» YOUR OBJECTIVE
Every line from the one with "I'm selling a" up to and including the one with "Exkluzívny široký rám: Vonkajšie" is to be output exactly as it appears below; pictures are not.

» AVAILABLE DATA
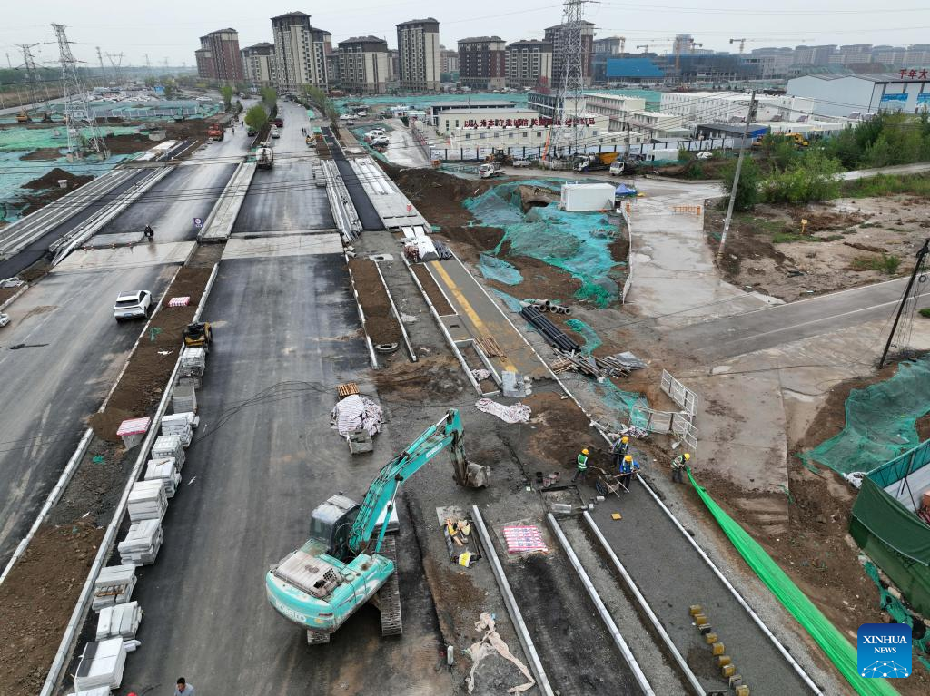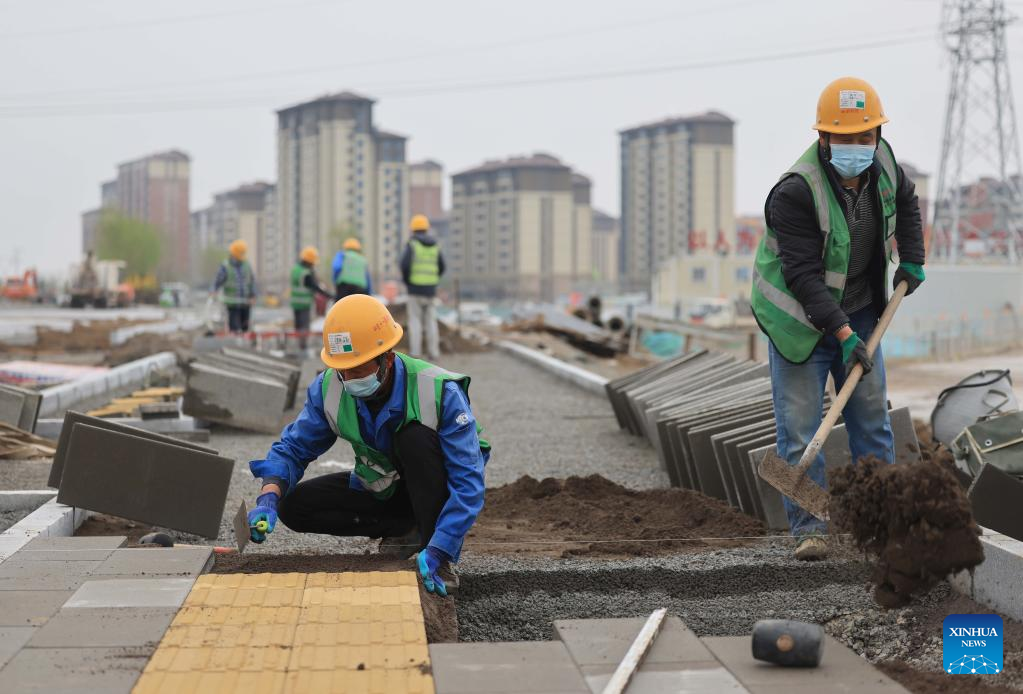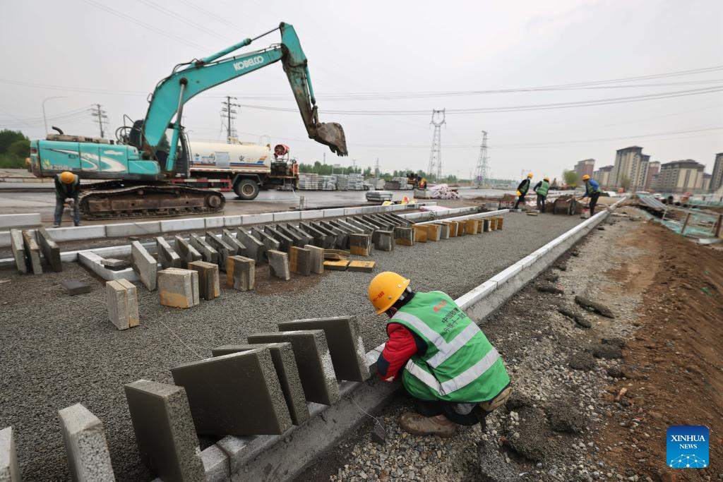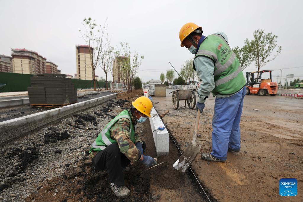 Workers work at the construction site of Aowei street in Xiong'an New Area, north China's Hebei Province, April 28, 2022. Aowei street is a main street going from the east to the west in Xiong'an New Area. The project will be completed soon. (Xinhua/Xing Guangli)
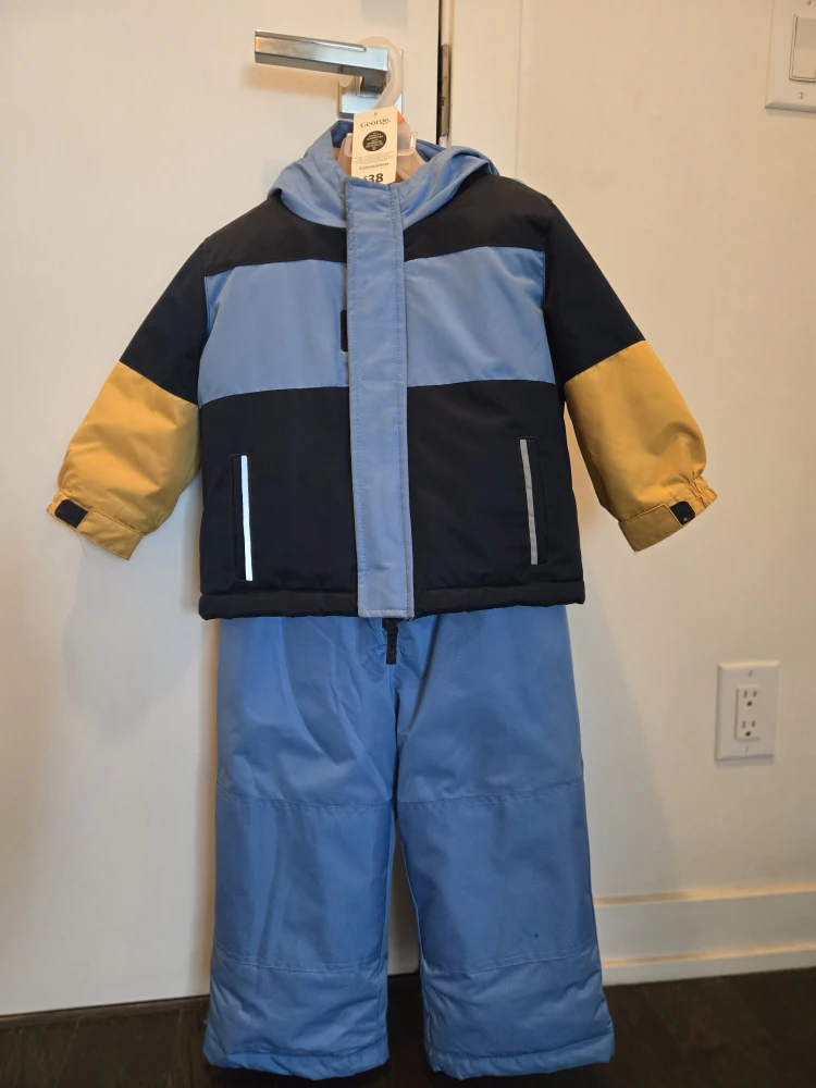 I'm selling a brand new George snowsuit! It's a size 3/3T and features a stylish colour block design in shades of blue and yellow. Perfect for keeping your little one warm and dry this winter season!
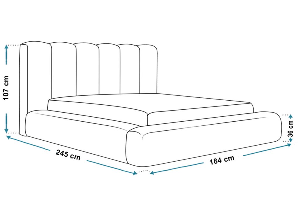 Exkluzívny široký rám: Vonkajšie rozmery postele (224x 245 cm) vytvárajú efekt „ostrova pohodlia“. Masívne čalúnené bočnice pôsobia mäkko, bezpečne a dodávajú spálni nádych talianskeho dizajnu.
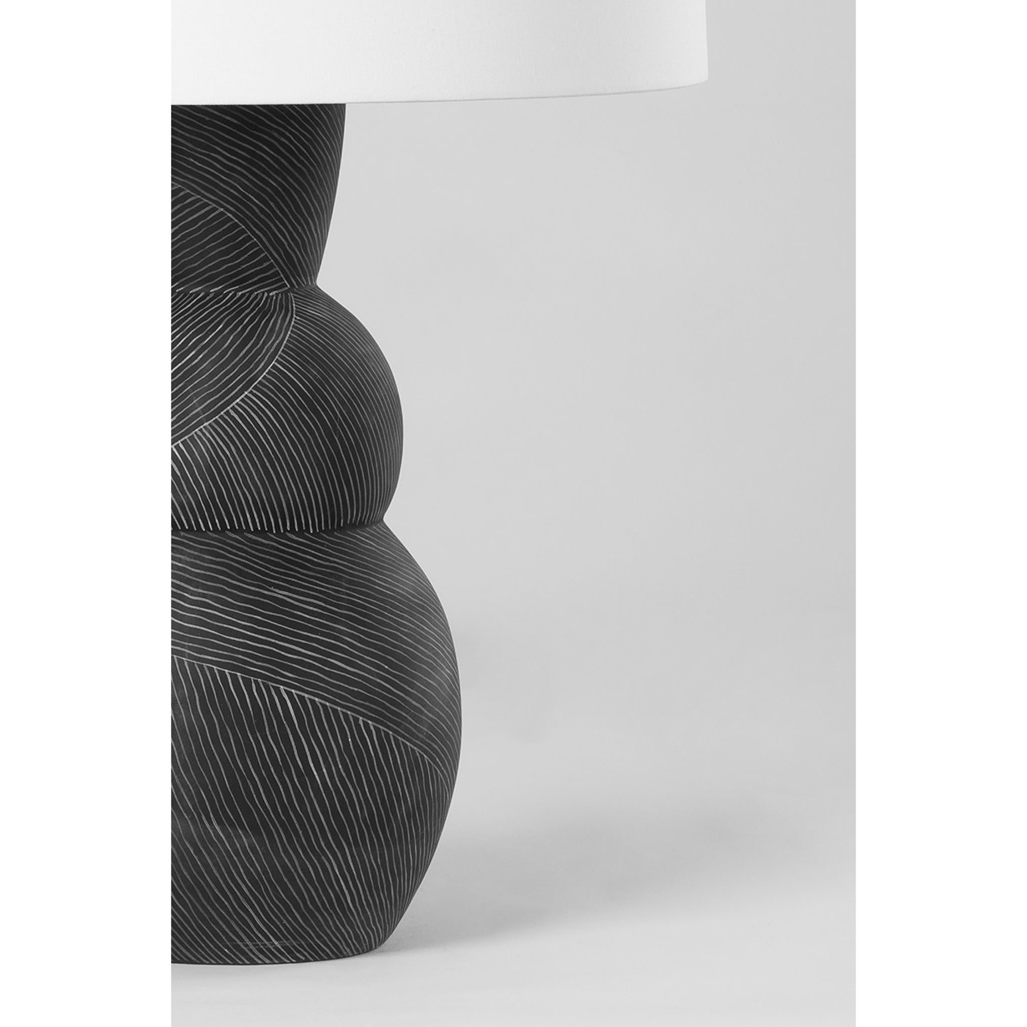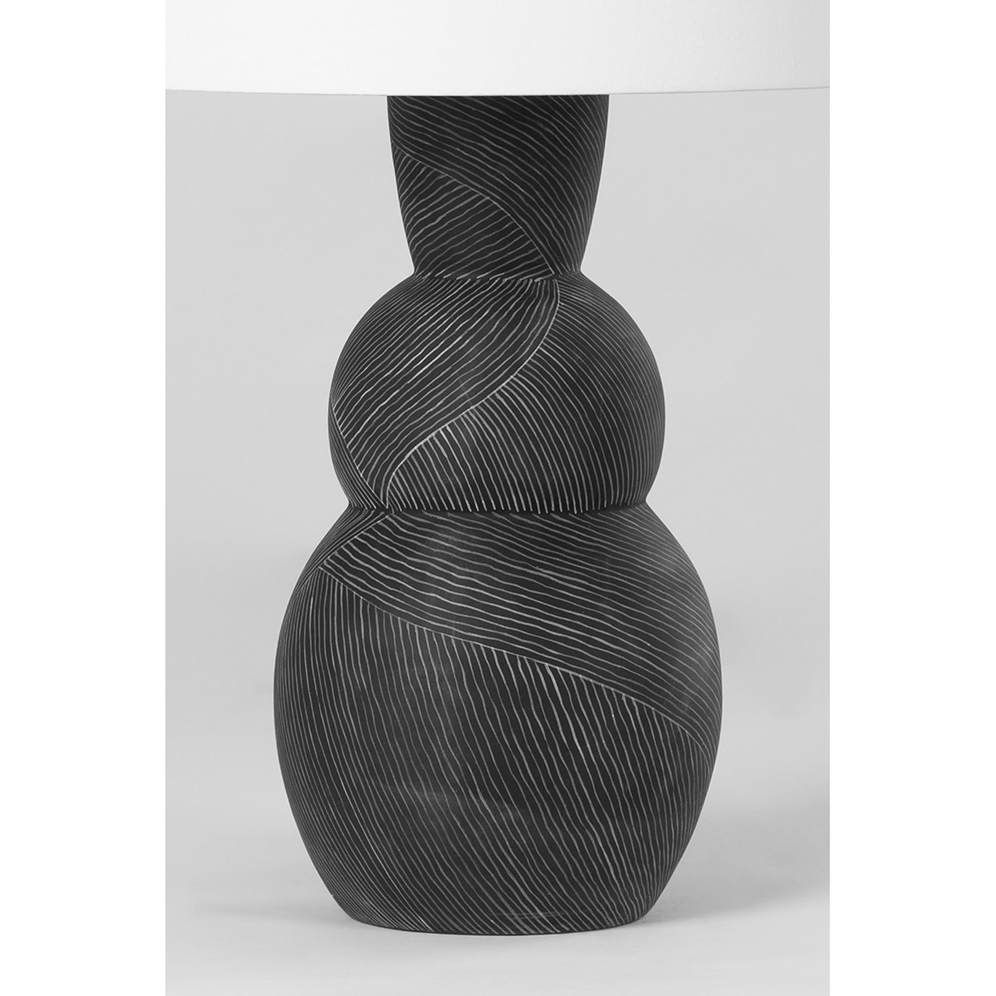 Inspired by forged ironwork and playing with empty space, Fortuna features a series of Forged Iron elliptical shapes coming together to form a sculptural base. The tapered white linen shade fills with a soft glow and lights up the metalwork and the negative space created by it.

» REPLY TO THE EXERCISE
 I'm selling a brand new George snowsuit! It's a size 3/3T and features a stylish colour block design in shades of blue and yellow. Perfect for keeping your little one warm and dry this winter season!
 Exkluzívny široký rám: Vonkajšie rozmery postele (224x 245 cm) vytvárajú efekt „ostrova pohodlia“. Masívne čalúnené bočnice pôsobia mäkko, bezpečne a dodávajú spálni nádych talianskeho dizajnu.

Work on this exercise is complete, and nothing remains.